Once "(강릉=국제뉴스) 장덕진 기자" turns up in a line below, reproduce that line and those after it exactly, stopping after the line with "The Gran Gaggia Deluxe"; leave pictures out.

-- Data for review follows --

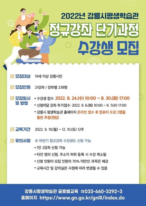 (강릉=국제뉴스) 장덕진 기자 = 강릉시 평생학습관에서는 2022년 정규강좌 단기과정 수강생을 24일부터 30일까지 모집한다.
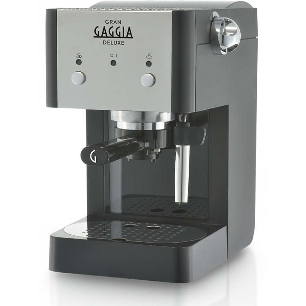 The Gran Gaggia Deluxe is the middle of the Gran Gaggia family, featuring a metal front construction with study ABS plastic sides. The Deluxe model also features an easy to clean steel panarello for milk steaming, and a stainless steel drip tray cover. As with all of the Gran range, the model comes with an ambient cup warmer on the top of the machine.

-- Data for review concluded --
-- Data for review follows --

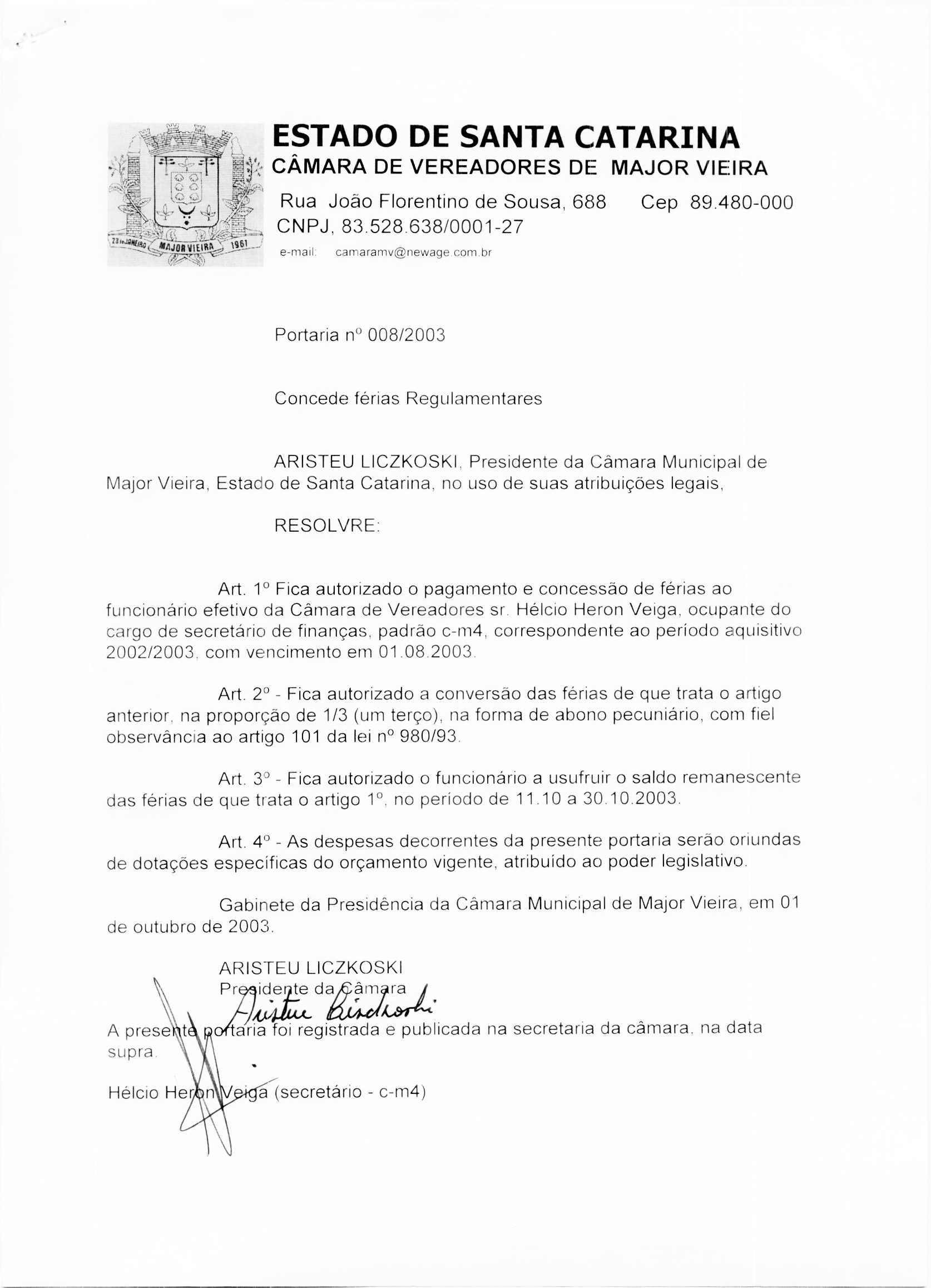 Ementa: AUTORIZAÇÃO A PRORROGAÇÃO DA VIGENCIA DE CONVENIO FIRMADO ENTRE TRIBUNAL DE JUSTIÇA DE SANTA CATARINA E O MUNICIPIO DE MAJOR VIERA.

-- Data for review concluded --

» Your response
 (강릉=국제뉴스) 장덕진 기자 = 강릉시 평생학습관에서는 2022년 정규강좌 단기과정 수강생을 24일부터 30일까지 모집한다.
 The Gran Gaggia Deluxe is the middle of the Gran Gaggia family, featuring a metal front construction with study ABS plastic sides. The Deluxe model also features an easy to clean steel panarello for milk steaming, and a stainless steel drip tray cover. As with all of the Gran range, the model comes with an ambient cup warmer on the top of the machine.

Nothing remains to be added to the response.